Duncan Smith has insisted the aim of the shake-up of the welfare system is to “restore people’s lives” and tackle the “something for nothing” benefit culture inherited from Labour.

In October he told the Tory conference that many of the long-term sick and those with disabilities wanted to return to employment.

He said: “We won’t lift you out of poverty by simply transferring taxpayers’ money to you. With our help, you’ll work your way out of poverty.”

But Duffy said figures showed around £17 billion of benefits go unclaimed every year, either because people do not know they are entitled to it or because they were “too shamed by the system” to claim what they are due.

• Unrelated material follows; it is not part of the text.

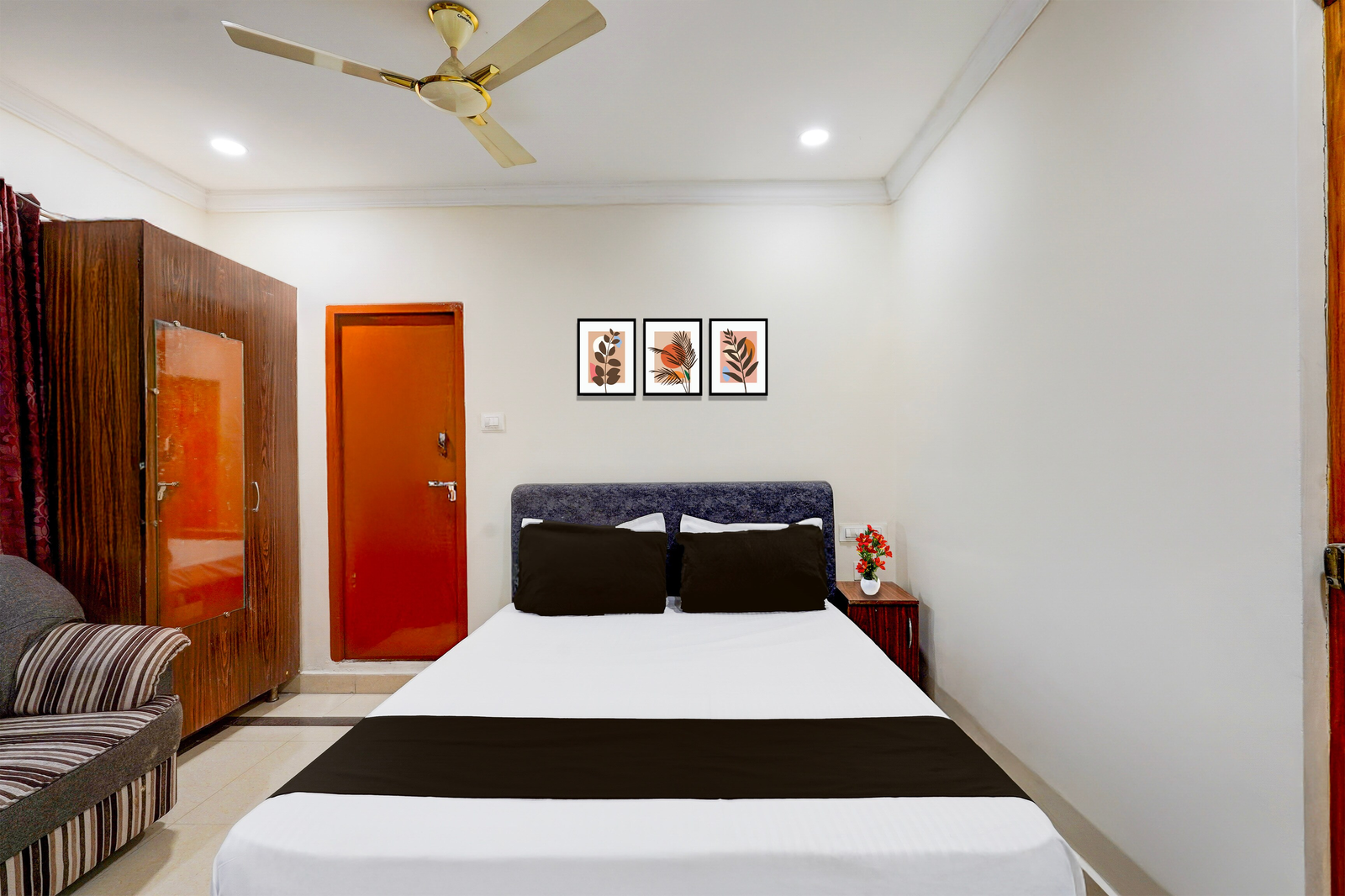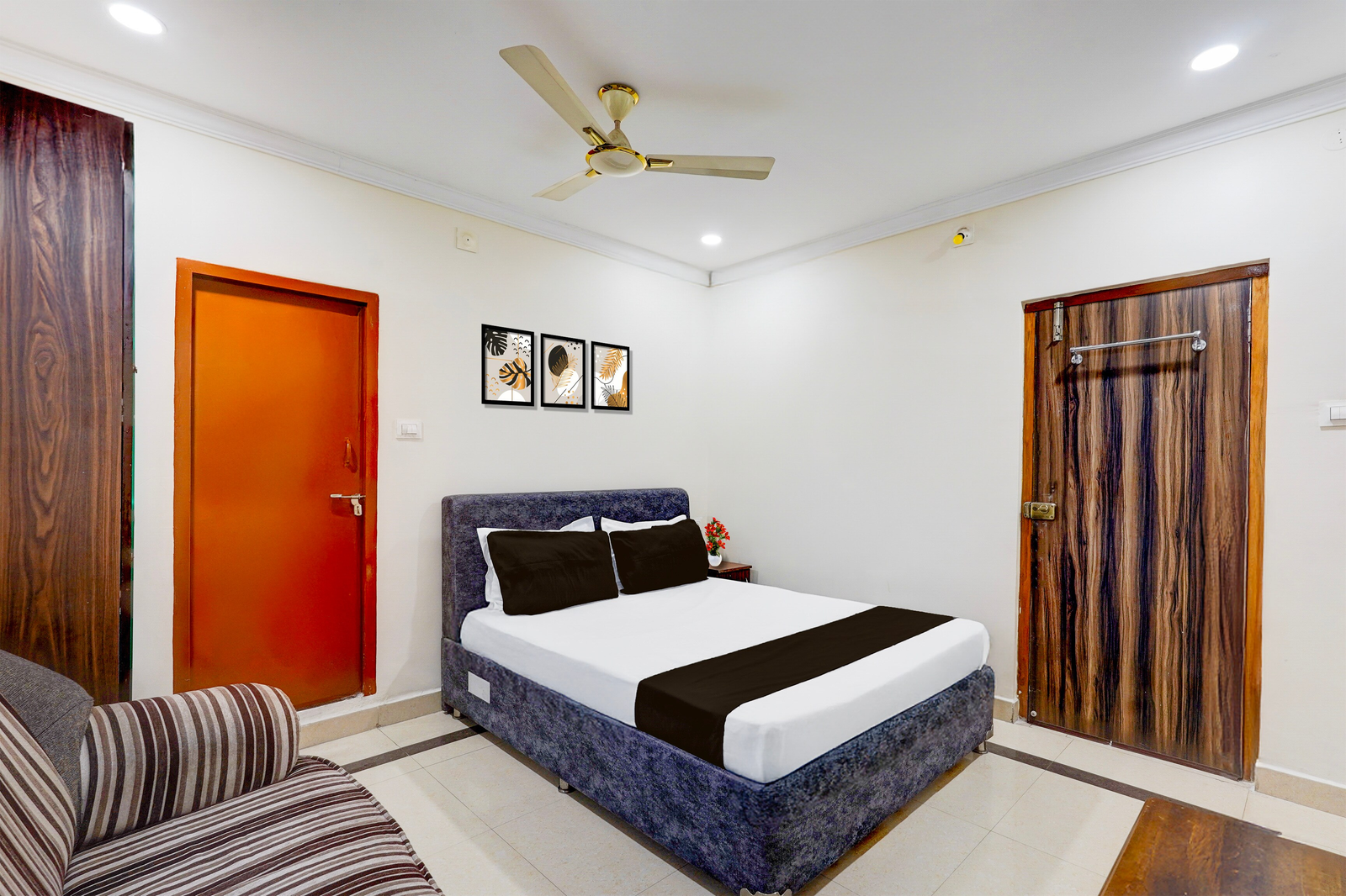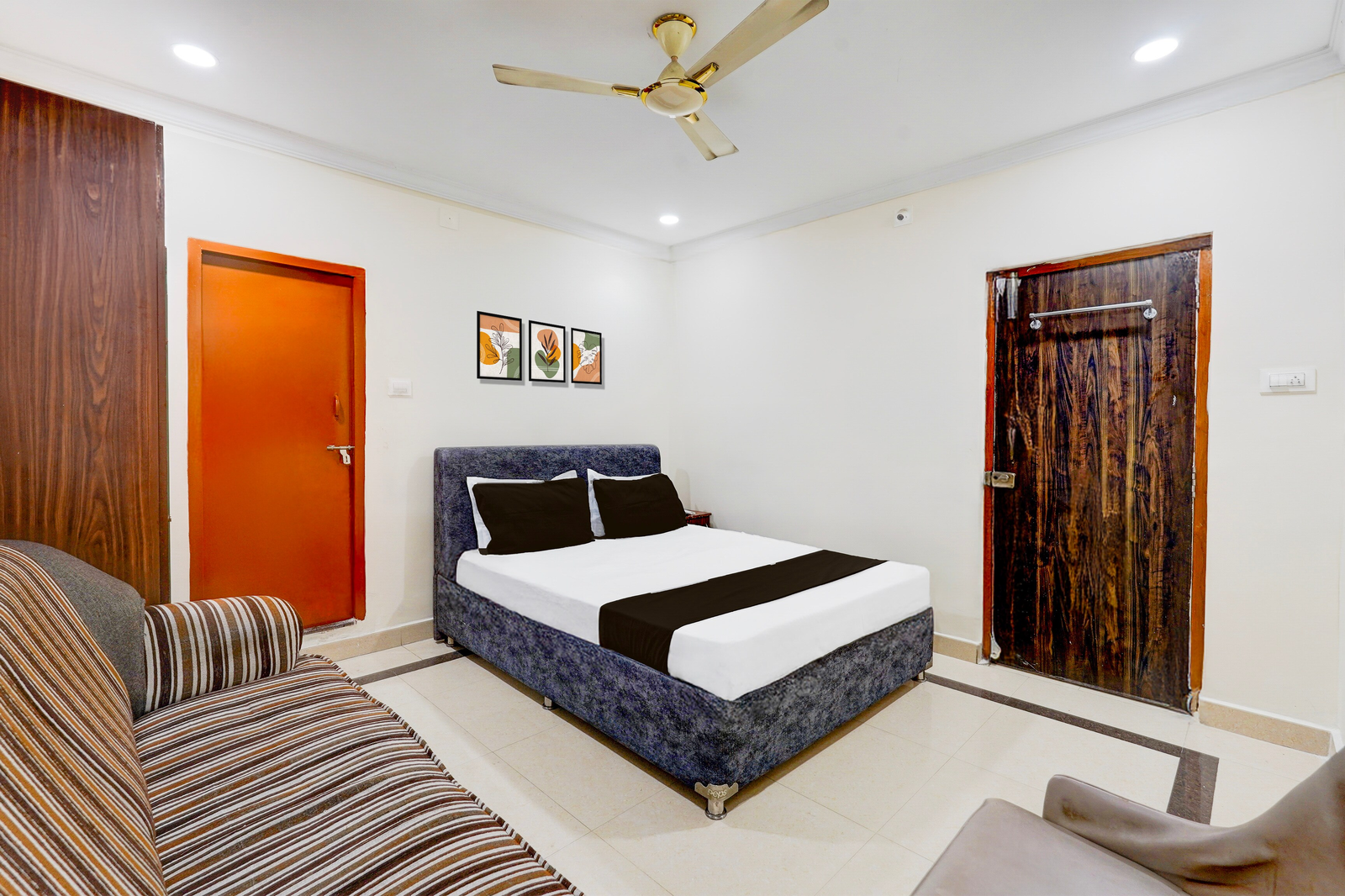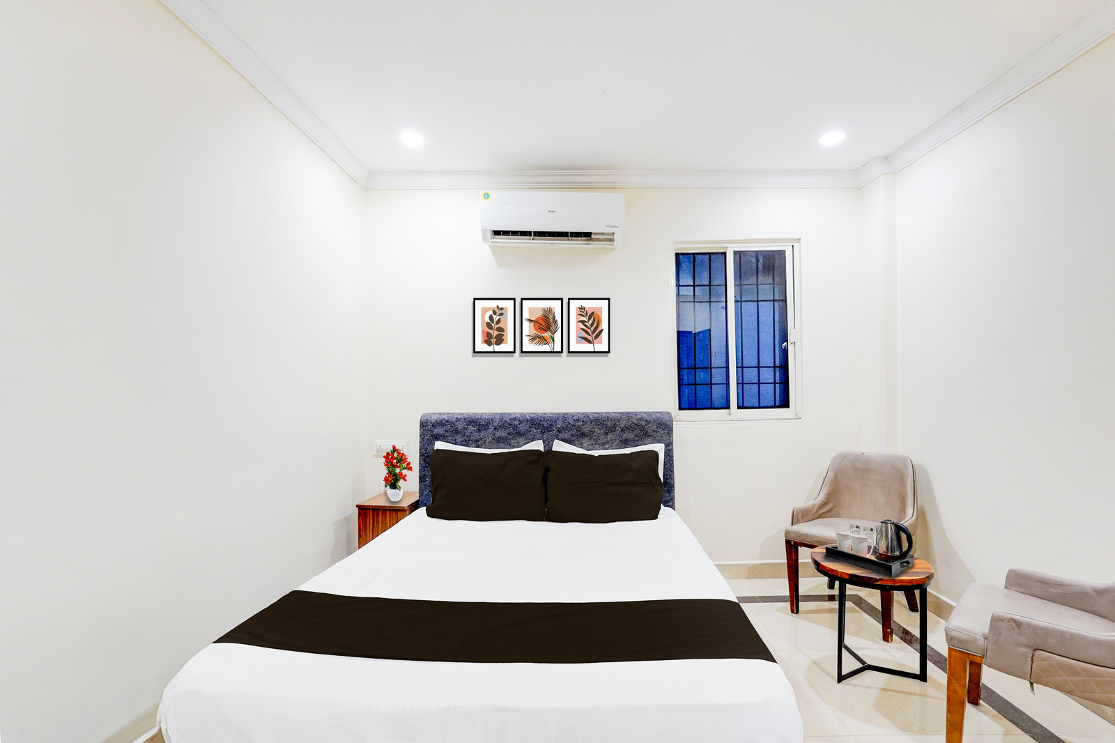 Super Hotel O Airport Road Near Leela Mahal in Tirupati offers family rooms with air-conditioning, private bathrooms, work desks, and seating areas. Each room includes free toiletries, a bath or shower, TV, tiled floors, and a wardrobe.
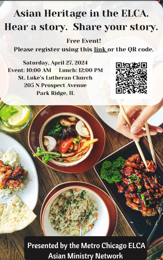 Please join Pastor Manoj Gunthoti at the Metro Chicago Synod’s Asian Ministry Network’s Heritage Event on Saturday, April 27, 2024 from 10:00 AM -12:00 PM. Join us for food and fellowship. Please send any questions to Aneel Trivedi (pastoraneel@messiahparkridge.org) and register at the QR code below or at this link https://docs.google.com/forms/d/e/1FAIpQLSfTHMqimWBl0idaAWM3lS3ma_KunCZgbMZWPlLhg1VwBbc1wg/viewform

In contrast, he said, benefit fraud accounts for around £1billion every year.

He said changes to benefits – for example, having Personal Independence Payment (PIP) replacing Disability Living Allowance (DLA) – would reduce levels of eligibility for many people.

“PIP is markedly less generous than DLA and is meant to cut out entitlement for hundreds of thousands of people will lose their entitlement to DLA as the benefit is transformed into PIP,” he said.

“When you get your PIP it may be less generous than DLA or in a small number of cases it may be more generous.

“That allows the government to claim that it is so-called targeting (of benefits), but the overall objective is to cut the level of spending.”

Charities have also raised concerns about plans to cut £30 a week from some claimants of Employment and Support Allowance (ESA), a type of disability benefit.

The proposal was announced by chancellor George Osborne in the July budget as a way of providing an incentive for claimants to return to work.

But Phil Reynolds, Parkinson’s UK Policy and Campaigns Advisor and co-chair of the Disability Benefits Consortium, said: “Our research reveals seven in ten people said cuts to ESA would cause their health to suffer, with almost half saying it would mean they would probably return to work later.

“Cutting disability benefits will push people who are struggling to make ends meet even closer to the edge, and will cause enormous suffering and anxiety.